Old 04-15-2011, 02:44 PM   #1
LQ Newbie
Registered: Apr 2011
Posts: 4

Rep: Reputation: 0
Sed, Awk, Perl - Merge lines unless they match a certain string

What is the best way to merge lines, in sed, awk or perl, that occur between certain strings?
I'm new to sed scripting and I have been working on this for some time now.
I have a large file (sample below) that I need to edit.


What I need looks something like this.

I'm working with a very large file so simply merging all the lines then adding a new line character before ">contig" and after "translated" won't work, at least not with sed.
Old 04-15-2011, 02:51 PM   #2
Sergei Steshenko
Senior Member
Registered: May 2005
Posts: 4,481

Rep: Reputation: 454Reputation: 454Reputation: 454Reputation: 454Reputation: 454
It can be done in a very straightforward manner in Perl. I do not understand where the capacity problem comes from - you just write to your output file (sequences) between '>contig...........translated' stripping the former of "\n" ('chomp' function in Perl).
Old 04-15-2011, 04:23 PM   #3
Nominal Animal
Senior Member
Registered: Dec 2010
Location: Finland
Distribution: Xubuntu, CentOS, LFS
Posts: 1,723
Blog Entries: 3

Rep: Reputation: 946Reputation: 946Reputation: 946Reputation: 946Reputation: 946Reputation: 946Reputation: 946Reputation: 946
Originally Posted by Dsw0002 View Post
What is the best way to merge lines, in sed, awk or perl, that occur between certain strings?
I don't know about best, but one possibility is this awk script,
awk 'BEGIN      { RS="[\r\n]+" ; nl="" ; sep=" " }
     /^>contig/ { printf("%s%s%s", nl, $0, RT); nl="" ; sp="" ; next }
                { printf("%s%s", sp, $0) ; nl=RT ; sp=sep }
     END        { printf("%s", nl) }' file
which streams the input file (only one line or so in memory at any time) quite efficiently, and keeps whatever newline convention you might be using.
The sep=" " in the first line specifies the delimiter that replaces the newlines in merged lines. Use sep="" if you want to merge the lines without any intervening separator.

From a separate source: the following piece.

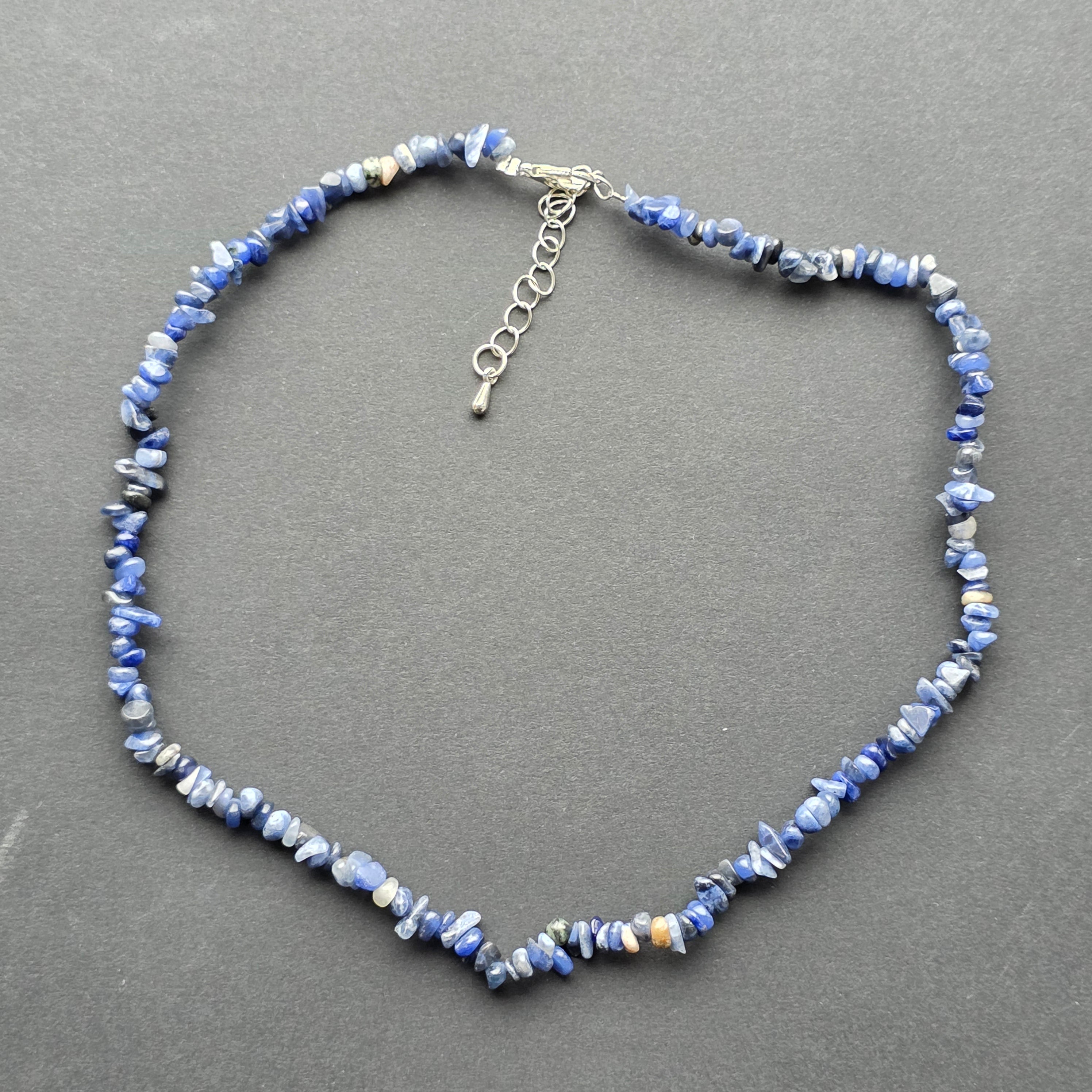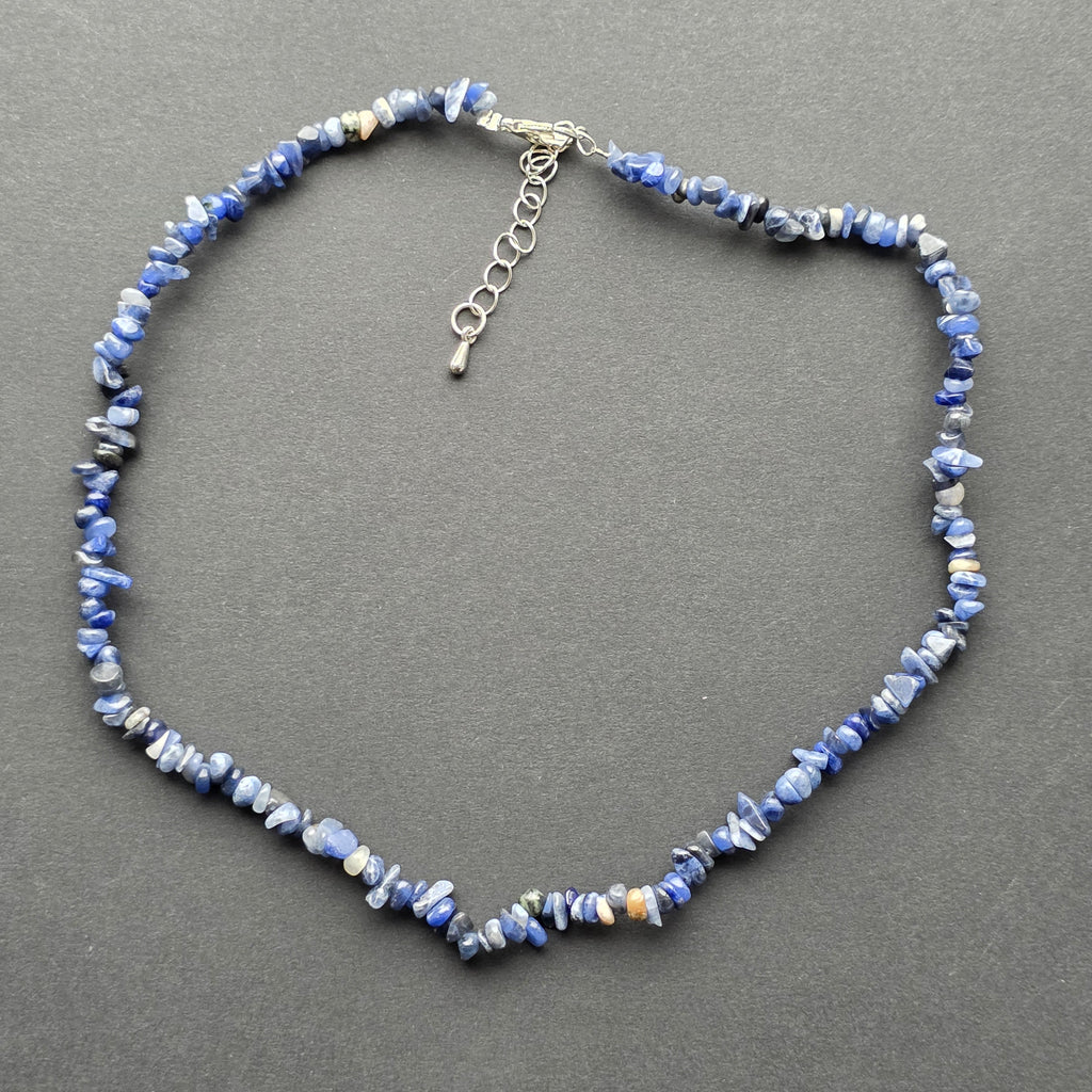Colier creat din sodalit natural, apreciat pentru albastrul său profund, presărat cu fire albe ce imită adesea textura norilor pe cerul nopții. Chipsurile neregulate, cu aspect organic, conferă piesei un aer boem și autentic, perfect pentru iubitorii de cristale naturale și designuri neșlefuite excesiv.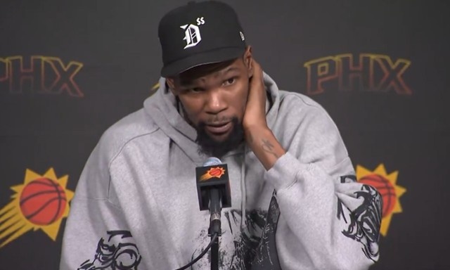 3月5日訊 NBA常規(guī)賽,太陽119-117險勝快船,杜蘭特賽后接受了媒體采訪。

This awk script is a bit more complex than absolutely necessary, but I only recently found out how to retain the newline convention efficiently, and wanted to apply that

If you need something even more efficient, or want to work with unlimited-length lines (not having to read even a single complete line into RAM), I'd write a small utility in C. I think it'd only take about a hundred lines of code, even if you used unistd.h low-level I/O for maximum efficiency.

Last edited by Nominal Animal; 04-15-2011 at 04:25 PM.
Old 04-16-2011, 03:07 AM   #4
LQ Guru
Registered: Sep 2009
Location: Perth
Distribution: Manjaro
Posts: 9,467

Rep: Reputation: 2856Reputation: 2856Reputation: 2856Reputation: 2856Reputation: 2856Reputation: 2856Reputation: 2856Reputation: 2856Reputation: 2856Reputation: 2856Reputation: 2856
Seems I am on the same wave length as Nominal:
awk '/contig/{ret="\n";if(a)nl=ret}{printf "%s%s%s",nl,$0,ret;a=1;nl=ret=""}' file
Old 04-16-2011, 04:12 AM   #5
Registered: Apr 2010
Posts: 228

Rep: Reputation: 45
$ ruby -ne 'print /contig/? "\n"+$_: $_.chomp' file
Old 04-16-2011, 05:20 AM   #6
Senior Member
Registered: Jan 2010
Posts: 1,608

Rep: Reputation: 449Reputation: 449Reputation: 449Reputation: 449Reputation: 449
sed  ':a />contig/! {$bb;N;ba};:b s/\n//g;1!s/>contig/\n&/' file
If you last line is '>contig...' then the jumppoint ':b' in the above command is obsolete.